Networks in GraphWeb
The primary input of GraphWeb is a combined biological network of a selected species, consisting of genes, proteins or microarray probesets as nodes and corresponding associations as edges. The user may upload the input data as a file or type it into the webform. Genes, proteins and microarray probesets of various databases and platforms are automatically mapped to gene IDs of the Ensembl database ( 29 ) using the g:Profiler software ( 30 ). Unrecognized and ambiguous IDs may be optionally removed, but remain unchanged by default in order to keep the input networks intact. Associations between nodes may be represented as directed or undirected edges, and weights may be assigned to edges to convey quantitative relations between corresponding nodes. A collection of pre-defined datasets is available for immediate analysis, including PPI from IntAct ( 31 ) and HPRD ( 32 ), and the S.cerevisiae transcription regulatory network by MacIsaac et al . ( 33 ).
Data integration
GraphWeb allows the user to insert and combine different data sources and align these into a global network. Besides native plaintext format, Graphweb supports the import of other network files such as SIF, GML, XGMML and BioPAX through the Cytoscape BiNoM plugin ( 34 ). Labels can be used to distinguish associations of different sources, and a network score may be assigned to each label to denote the predictive power of corresponding associations.

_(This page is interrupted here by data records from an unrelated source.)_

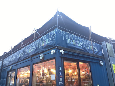 There are a number of recommendable places at which to eat Sunday lunch in Bristol but on my annual November visits over the last couple of years I have eaten at Gambas in Cargo 2 in Wapping Wharf and a very pleasing Sunday lunch I have eaten there on both occasions. So, though I was tempted to branch out and do something different this year, I once more made a reservation for lunch at Gambas, the restaurant being within a Sunday afternoon relaxed pace walking distance from my hotel and the weather being what it is in this late autumn and doing its best to dissuade one from travelling very far to other parts of the city. The was a strong wind and frequent outbursts of charmless drizzle.
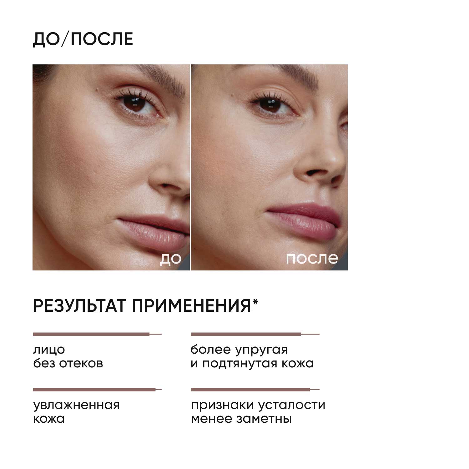 Результат применения: свежий цвет лица, менее выраженная отечность.
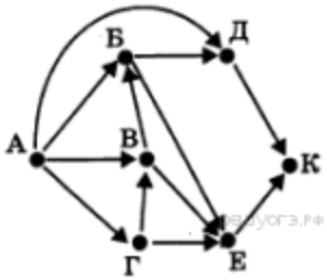 На рисунке — схема дорог, связывающих города А, Б, В, Г, Д, Е, К. По каждой дороге можно двигаться только в одном направлении, указанном стрелкой. Сколько существует различных путей из города А в город К?
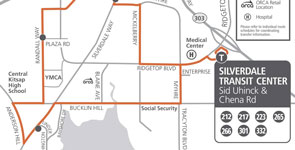Service TimesWeekdays and Saturdays Areas ServedSilverdale Transit Center, a small section of Myhre and Ridgetop Boulevard, a small section of Silverdale Way and Anderson Hill, Randall Way, Bucklin Hill and the Social Security office. StopsThis bus will stop at marked stops. Buses will travel both directions on the loop: Passengers can catch a bus every half-hour from stops across the street from each other, or every hour from stops on the same side of the street. Schedule Effective December 8, 2024 |

For example, TF-binding networks from ChIP-chip experiments may be combined and aligned with motif discovery results, and scored with predictive values learned from gene expression data.

Multispecies networks
GraphWeb provides means to incorporate data from different organisms in order to improve network construction. When the user selects a target organism in the GraphWeb interface the nodes and corresponding associations of the input are automatically mapped to orthologous genes in the target. The orthology mapping information is retrieved from Ensembl via g:Profiler software. Resulting ortholog networks can be combined with other datasets of the target organism to highlight conserved associations. Similarly to single-species data integration, GraphWeb ignores ambiguous orthologs in network alignments to avoid noise and misleading results. Such a solution retains the cleanest possible network but undoubtedly results in a certain loss of information.
Graph filtering
GraphWeb filters help the user detect network areas with strong associations. Three types of filters may be used for selecting edges: minimum number of supporting datasets (i.e. labels), lower threshold on edge weights and selection of top-ranking edges. Node filtering excludes unrecognized or ambiguous genes and proteins, while module filtering limits the result to larger modules or those with significant functional enrichments. Filtering techniques are especially useful when incorporating edges from different datasets or species.
Gene module discovery
GraphWeb provides a number of methods and algorithms for detecting gene modules in directed and undirected networks. Resulting gene modules may easily be saved for later use or redirected to input for further analysis. GraphWeb identifies the following types of modules.
Connected components
A connected component ( Figure 2 A) is a group of genes, where every pair of genes, ( g i , g j ) is connected either directly ( g i ⌣ g j ) or indirectly via a path of length n, ( g1 ⌣ g2 ⌣ … ⌣ g n ⌣ gn+1 ). GraphWeb also supports two extensions of the above: a strongly connected component relates to directed networks and requires connections in both directions, and a biconnected component requires at least two non-overlapping paths. Connected component detection is the first step in studying network structure.
Neighbourhood modules
A neighbourhood module ( Figure 2 D) is based on a user-defined list of genes and proteins { G } and on a distance d . If d = 0, GraphWeb retrieves modules that consist of nodes G with internal associations inside the list. If d ≥ 1, modules consist of the initial list { G } and nodes connected to the latter via paths of maximum length d . Neighbourhood modules allow the user to study her focus list in a network context, and retrieve related nodes and associations to propose new hypotheses.
Hub-based modules
A hub-based module ( Figure 2 B) consists of a central hub (a node with many connections) and related genes and proteins within distance d . GraphWeb extracts a list of hub-based modules ranked by the central hub degree (number of connections). Hubs in PPI networks have been described in the context of lethality ( 35 ), and proteins linking to the same hub often refer to similar function ( 36 ). Hub-based modules may also reflect systems of TFs and target genes.
Cliques
A clique ( Figure 2 C) is a fully connected module where every pair of nodes is directly connected. Cliques in PPI networks have often been related to protein complexes and common functions ( 36 ). Fully connected modules also reflect clusters of co-expressed genes.
Cluster modules
A cluster module corresponds to a tightly connected group of nodes. GraphWeb provides two network clustering algorithms: the Markov Cluster (MCL) algorithm ( 37 ) and Betweenness Centrality Clustering (BCC) ( 38 ). These algorithms break networks down into separate modules by removing certain edges, and have been successfully applied in a number of studies, such as protein family detection ( 39 ) and essentiality assessment ( 40 ). MCL constructs modules of edges that are frequently visited during random walks, while BCC removes paths that act as bridges between separate tightly connected modules. Graph clustering is successful in integrative network analysis since it prefers associations with evidence from multiple datasets, and allows the detection of hybrid modules that combine the characteristics of different module types.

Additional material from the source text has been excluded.